Едва начался крестинный обед, как перед Скопиным явилась Екатерина Григорьевна:
— Ах, кум, сам знаешь, как я тебе обязана, сколь добра ты сделал нам с Дмитрием Ивановичем. Выпей, кум, почестный кубок из рук моих.
— Спасибо, тетушка Катерина.
— Кума, — подсказала весело княгиня.
Скопин с готовностью поправился:
— …Кума Катерина Григорьевна, — и приняв из ее рук кубок, выпил его до дна, отер усы. — Спасибо.
— На здоровьичко, милый, — княгиня поцеловала его, молвила весело, игриво: — Сладок кум, да не про наш ум.
Чем рассмешила все застолье и смутила молодого князя. Пиршество продолжалось. Гости хмелели, все говорливее становясь. Князь Воротынский старался каждому уделить хоть толику внимания:
— Григорий Леонтьевич, что ж не допил-то чарку?
— Князь Иван, попробуй-ка вон того балычка.
— А где наша крестная? Что-то не вижу.
Оно и впрямь никто не заметил, когда и как исчезла княгиня Шуйская Екатерина. Вроде со всеми подымала чарку, целовала кума, шутила и как растаяла.
— Михаил Васильевич, куда куму дел? — спросил Воротынский шутливо.
Но Скопин неожиданно побледнел, из носа по усам побежала кровь, он откинул голову на спинку кресла.

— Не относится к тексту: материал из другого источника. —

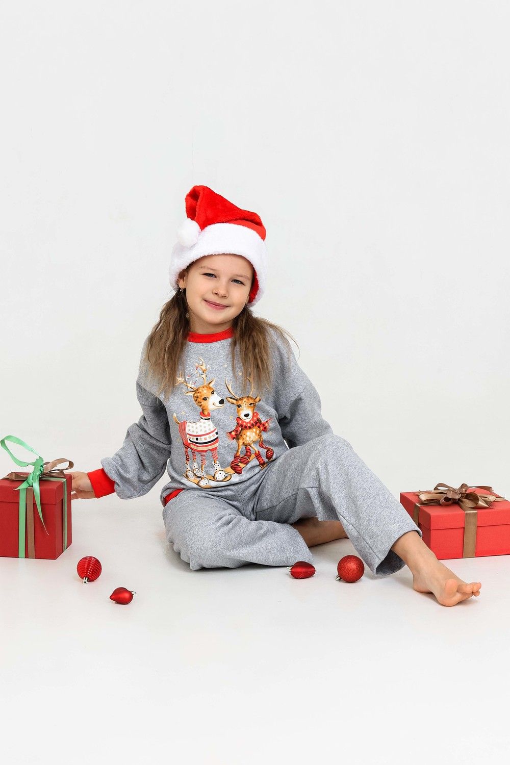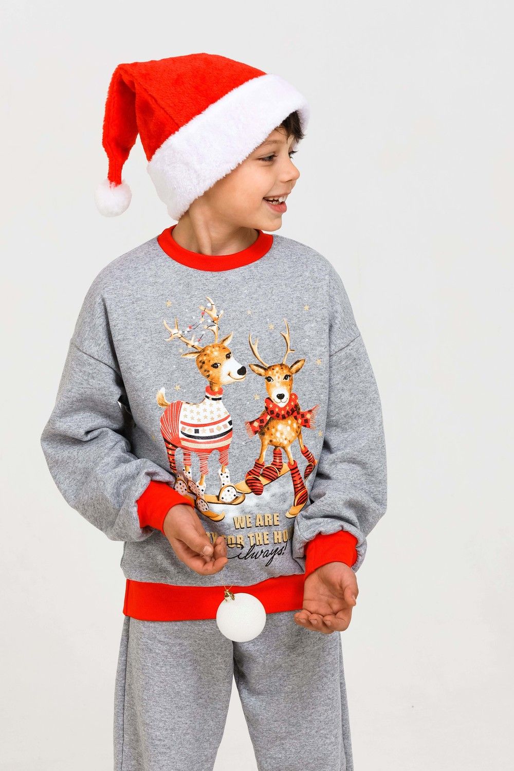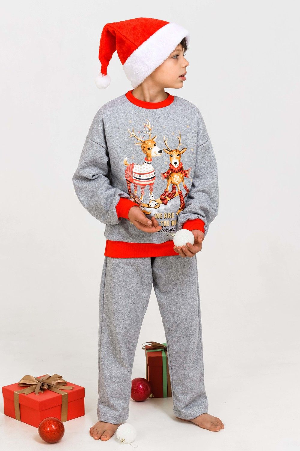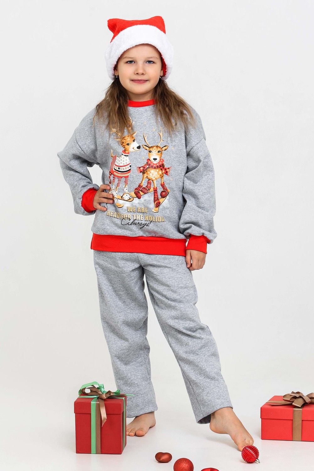 Костюм домашний для детей, подходит как для девочек, так и для мальчиков. На свободном свитшоте изображены весёлые олени, что создаёт атмосферу праздника. Брюки прямые, с боковыми карманами. Манжеты выполнены из плотной резинки - рибаны с лайкрой. Пояс на широкой резинке. Материал приятный к телу. В таком костюме можно встретить праздник, использовать в качестве подарка на Новый год или Рождество. А также в нём можно находиться в домашней обстановке для создания хорошего настроения.
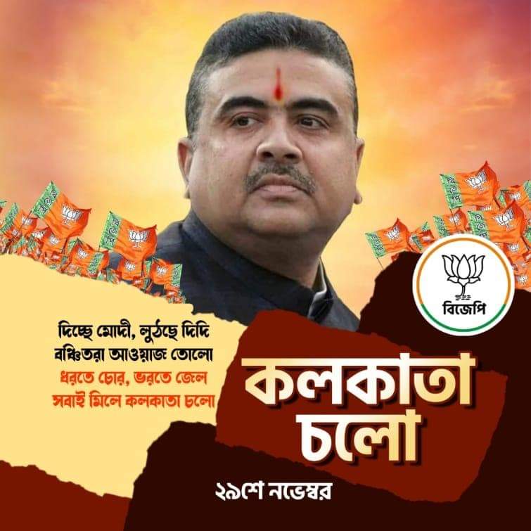 বঙ্গ বিজেপির রাজ্য সভাপতি সুকান্ত মজুমদার থেকে শুরু করে বিরোধী দলনেতা শুভেন্দু অধিকারী-সহ রাজ্য বিজেপির অন্যান্য নেতাকর্মী, সমর্থকেরা সকলেই সোশ্যাল মিডিয়ার নিজেদের প্রোফাইল পিকচার বদলে ফেলেছেন ইতিমধ্যেই৷ সেখানে লিখেছেন, সমাবেশের ‘বিশেষ’ স্লোগান৷ পাশাপাশি, তুলে ধরা হয়েছে ‘কলকাতা চলো’র পোস্টারও। বিরোধী দলনেতা শুভেন্দু অধিকারীর তরফে এদিন একটি ভিডিও বার্তাও দেওয়া হয় সমাজ মাধ্যমে৷ সেই বার্তায় সমাজের সমস্ত শ্রেণির ‘বঞ্চিত’ মানুষকে সমাবেশে যোগ দেওয়ার জন্য আহ্বান জানান তিনি।
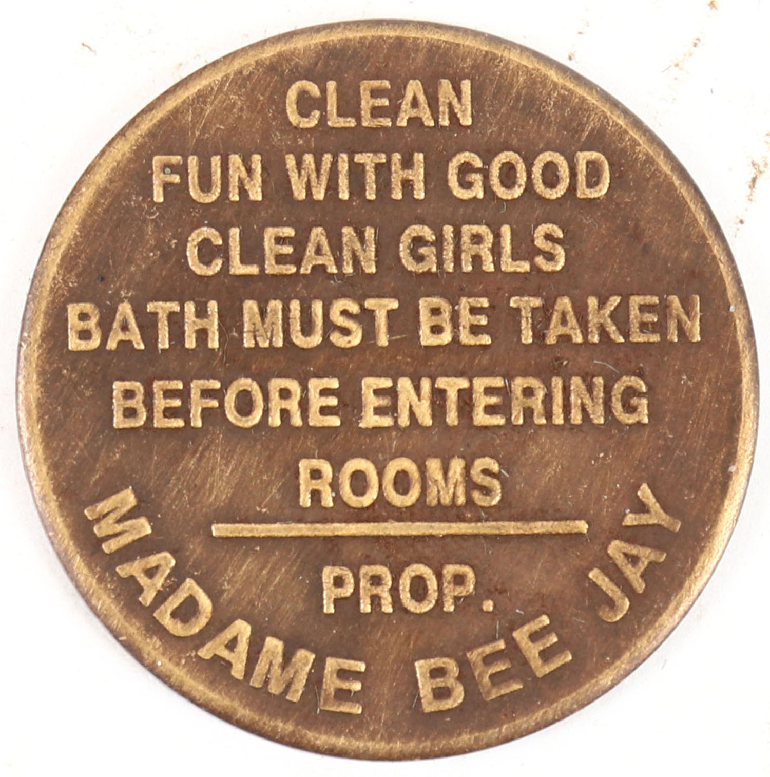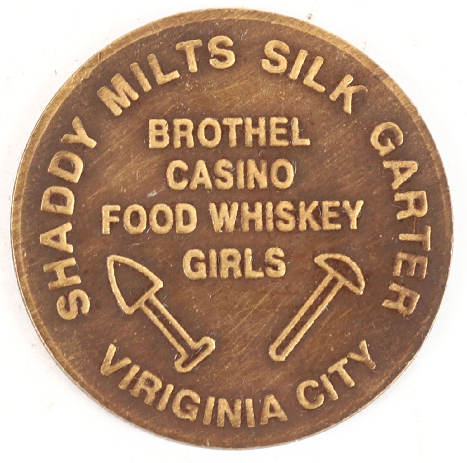 Double sided Brothel Token. ''Shaddy Milts Silk Garter''. Grade: Excellent - Value: 10 to 40

— Что с тобой, князь? — кинулись к нему Воротынский и Валуев.
— Что-то плохо мне, — прошептал Скопин. — Голова кругом пошла.
— Нестерка, — закричал Волынский. — Зови лечца.
— Он на Торг ушел.
Всполошились гости, повскакали с мест, столпились встревоженные около Скопила.
— Что с ним?
— Занедужил.
— Оботрите кровь.
— Надо дать воды.
— Лучше молока.
— Его надо на ложе положить.
— Да, да, на ложе.
— Давайте возьмемся. Князь, берите его за плечи. Григорий, поддержи ноги.
Поднятый на руки Скопин неожиданно внятно проговорил:
— Пожалуйста, домой.
— Да, да, да, — подхватил взволнованный Воротынский и закричал: — Нестерка, вели запрягать каптану. Да быстрей ты, телепень!
Ехать с Скопиным вызвались Валуев и Федор Чулков. Гости, пораженные случившимся, не захотели уже возвращаться к столу. Праздник был испорчен. И вскоре все начали разъезжаться.
Валуев, вернувшись, застал только князя Воротынского. Он поднял встревоженный взгляд:
— Ну как?
— Плохо, князь. Очень плохо. Его еще в каптане начало рвать.
— Отчего бы это, Гриша?
— Как отчего? — возмутился Валуев. — Его отравили.
— Кто? Что ты мелешь?
— Кума твоя, курва, вот кто! Она — змеюка малютовская.
— Тише, Гриша, тише. Могут холопы услышать. И это в моем доме, Боже мой!
— Шила в мешке не утаишь, Иван Михайлович, завтра вся Москва будет знать: у Воротынского убили князя Скопина.
— Бог с тобой, Григорий Леонтьевич, что ты говоришь? При чем тут я? Да и потом, может, еще обойдется, выздоровеет князь.
— Хотелось бы верить, но от укуса такой змеи… Эх, Иван Михайлович, кто тебя надоумил ее в крестные звать?
— Она сама напросилась.
— Как, то есть, сама? — насторожился Валуев.
— Ну как? Я сказал ей, что восприемником зван Михаил Васильевич, она и говорит: меня тоже возьми, хочу с племяшом покумиться.
— Покумилась, сучка, покумилась.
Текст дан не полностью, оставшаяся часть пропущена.